This example shows how to use the NVIDNOv2 NIM to and combine it with a vector database for few shot classification.
The NVDINOv2 model is a general purpose vision embedding model. By using the NVDINOv2 NIM API, you can quickly generate embeddings on a set of images. These embeddings can stored in a vector database, clustered and searched to build a few shot classification pipeline with no model training or local GPU required. A Jupyter notebook is provided to walk through how to build this pipeline and a Gradio demo can be launched to quickly experiement with few shot classification.
Note: The notebook and demo for this example will not run directly on Windows due to lack of Windows support with Milvus-Lite. If you are on Windows, please use WSL to run the notebook and demo. Mac and Linux are supported.
git clone https://github.com/NVIDIA/metropolis-nim-workflows
cd metropolis-nim-workflows/workflows/nvdinov2_few_shot
It is recommened to setup a virtual environment to install the Python dependencies. For more resources on creating a virtual enviroment refer to the Python documentation.
python3 -m venv venv
source venv/bin/activate
Install dependencies
python3 -m pip install -r requirements.txt
If you would like to go through a tutorial of how to use NVDINOv2, then you can launch the workshop notebook. This will walk you through how to generate embeddings with NVDINOv2 and build a few shot classification pipeline with a vector database. Otherwise, you can directly run the few shot classification demo in the next section.
Launch jupyter notebook
python3 -m notebook
This will launch the jupyter notebook web interface. You can navigate to the nvdinov2_nim_workshop.ipynb
notebook in this repository to go through the tutorial.

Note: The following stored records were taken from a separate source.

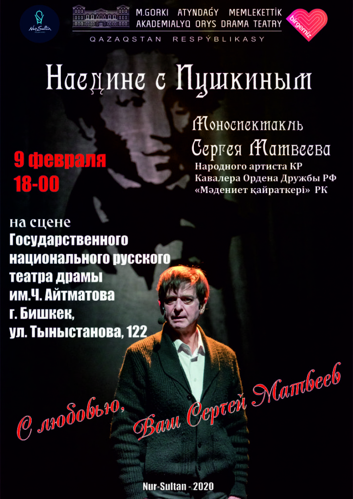 9 февраля 2020 г. в 18.00 на сцене Государственного национального русского театра драмы им. Ч. Айтматова состоится показ моноспектакля «Наедине с Пушкиным». Исполнитель главной роли и режиссер – актер Государственного академического русского театра драмы им. М. Горького (Нур-Султан, Казахстан), Народный артист Кыргызской Республики Сергей Матвеев. Показ спектакля пройдет при информационной поддержке представительства Россотрудничества в КР.
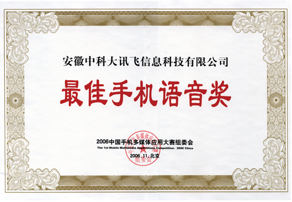 近日,首屆中國手機多媒體應用大賽組委會將“2006最佳手機語音獎”這份沉甸甸的獎牌和證書授予了科大訊飛。這一由數十位業(yè)界專家和百萬手機用戶慎重評選出的獎項,充分說明了科大訊飛在手機語音應用領域的領先地位,其分量不言而喻。
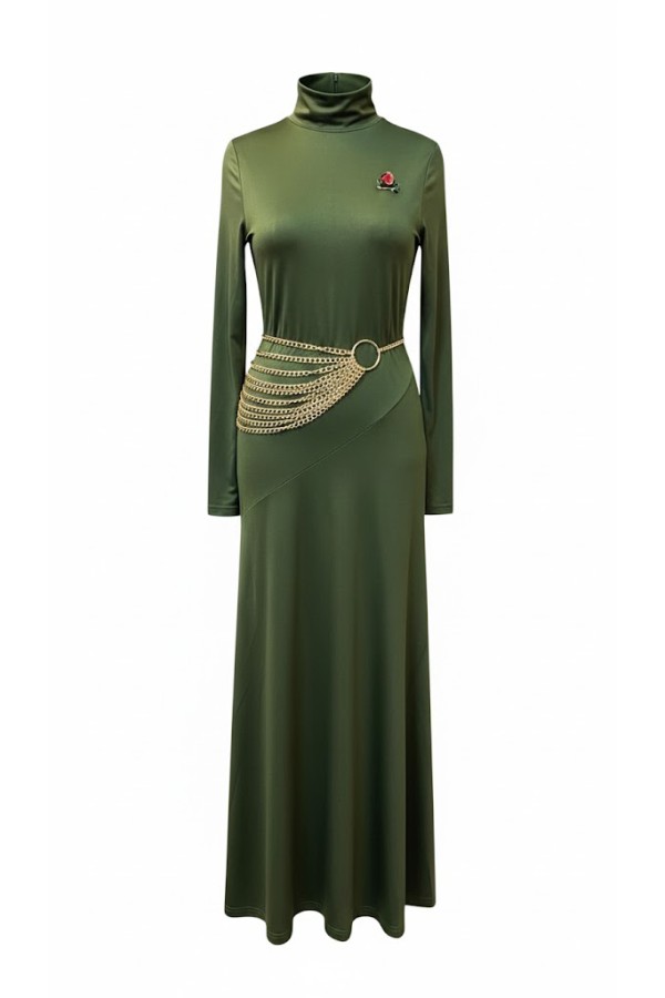 High Neck Maxi Olive Dress
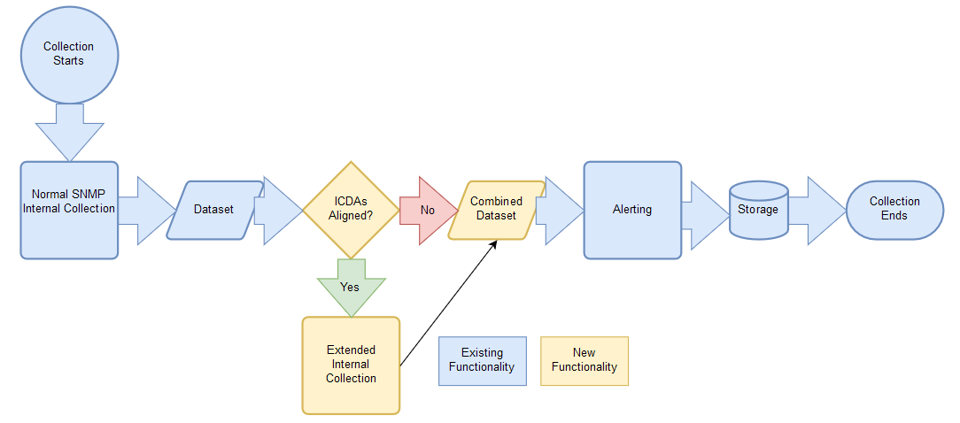When Skylar One begins an internal collection, it checks to see if any ICDAs are aligned. If ICDAs are aligned, Skylar One performs an "Extended Internal Collection". The platform combines data it collected using ICDAs with data it collected using an internal SNMP process, and then the platform completes the collection process.
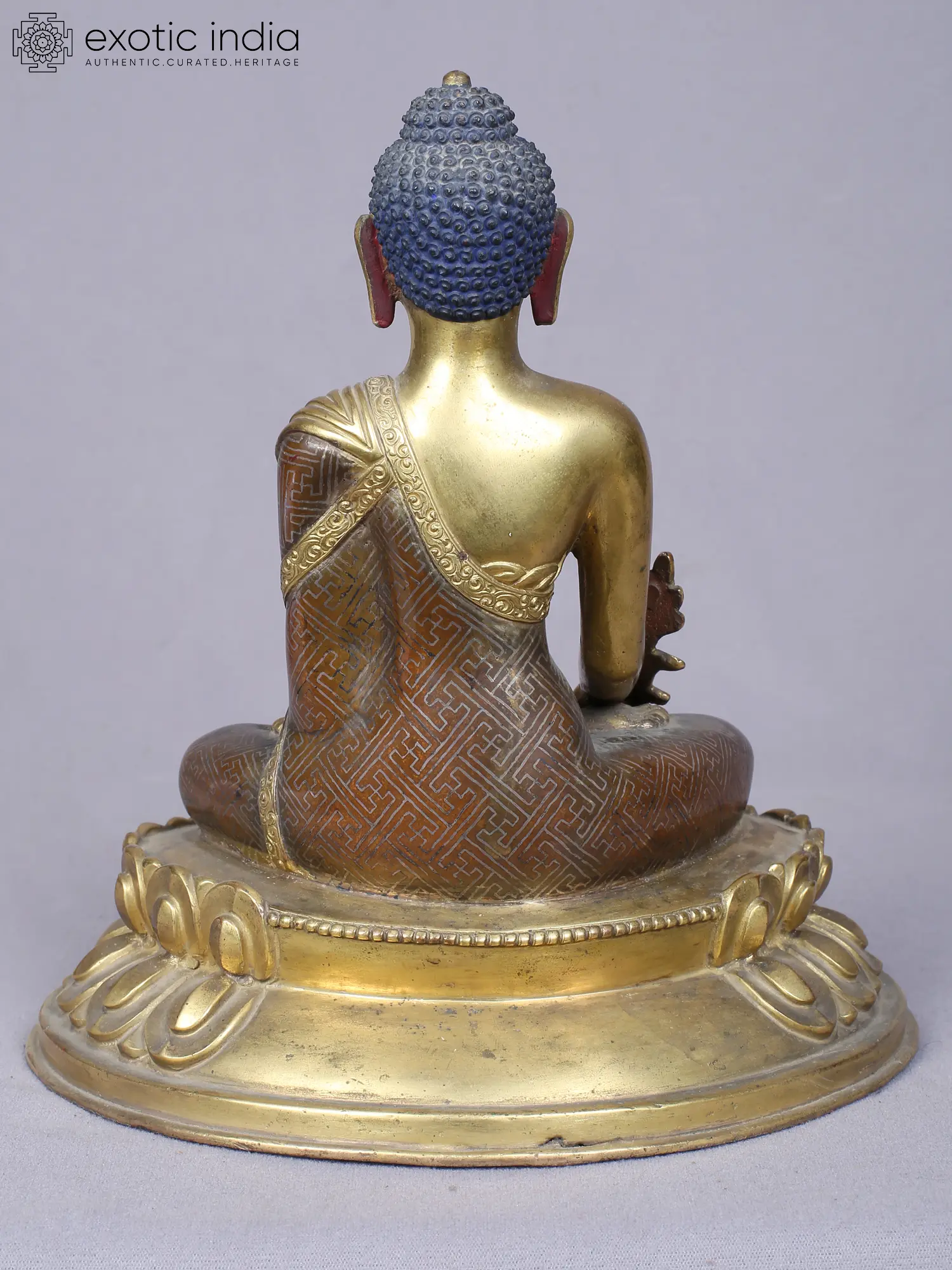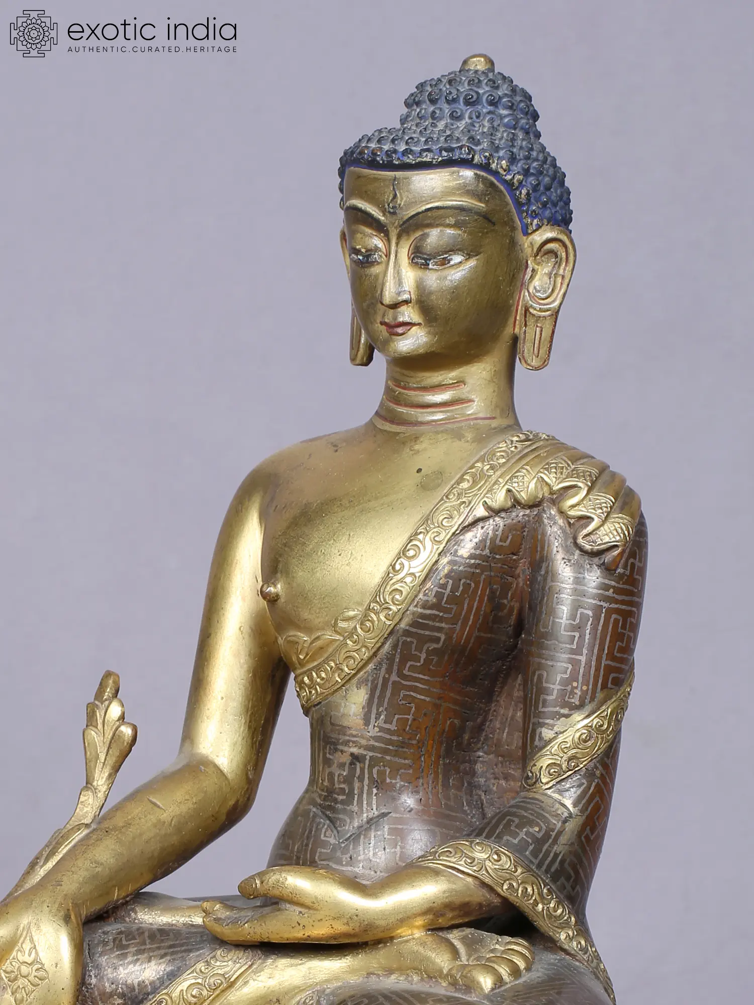 “Medeor”- the root of the words meditation and medication is the same. Healing thus is an integral step in one’s spiritual journey, so much so that in Buddhism an aspect of the Buddha is revered for his healing energies, that remove all illnesses from the devotee, making them “fit” to walk the path to Enlightenment. This form of Buddha is simply called Medicine Buddha or Bhaishajyaguru, presented in this mesmerizing Nepalese copper statute.

The few shot classification demo is a Gradio UI that allows the user to build a few shot classification model with no training required! From the Gradio UI, the user can specify their classes, upload a handfull of example images and classify new images.
To launch the few shot classification demo, you can run the main.py script directly and provide the necessary arguments:
usage: main.py [-h] [--gradio_port GRADIO_PORT] api_key {nvclip,nvdinov2}
NVDINOv2 Few Shot Classification
positional arguments:
api_key NVIDIA NIM API Key
{nvclip,nvdinov2} Embedding model to use for few shot classification.
options:
-h, --help show this help message and exit
--gradio_port GRADIO_PORT
Port to run Gradio UI
Example Usage:
python3 main.py nvapi-*** nvdinov2
The demo can also run with NVCLIP as the embedding generator:
python3 main.py nvapi-*** nvclip
The only required arguments are your NIM API key and model selection. Once the script is launched, the Gradio UI will become available at http://localhost:7860
. Note that when using NVDINOv2, each sample image added and inferenced will use 1 NIM API credit.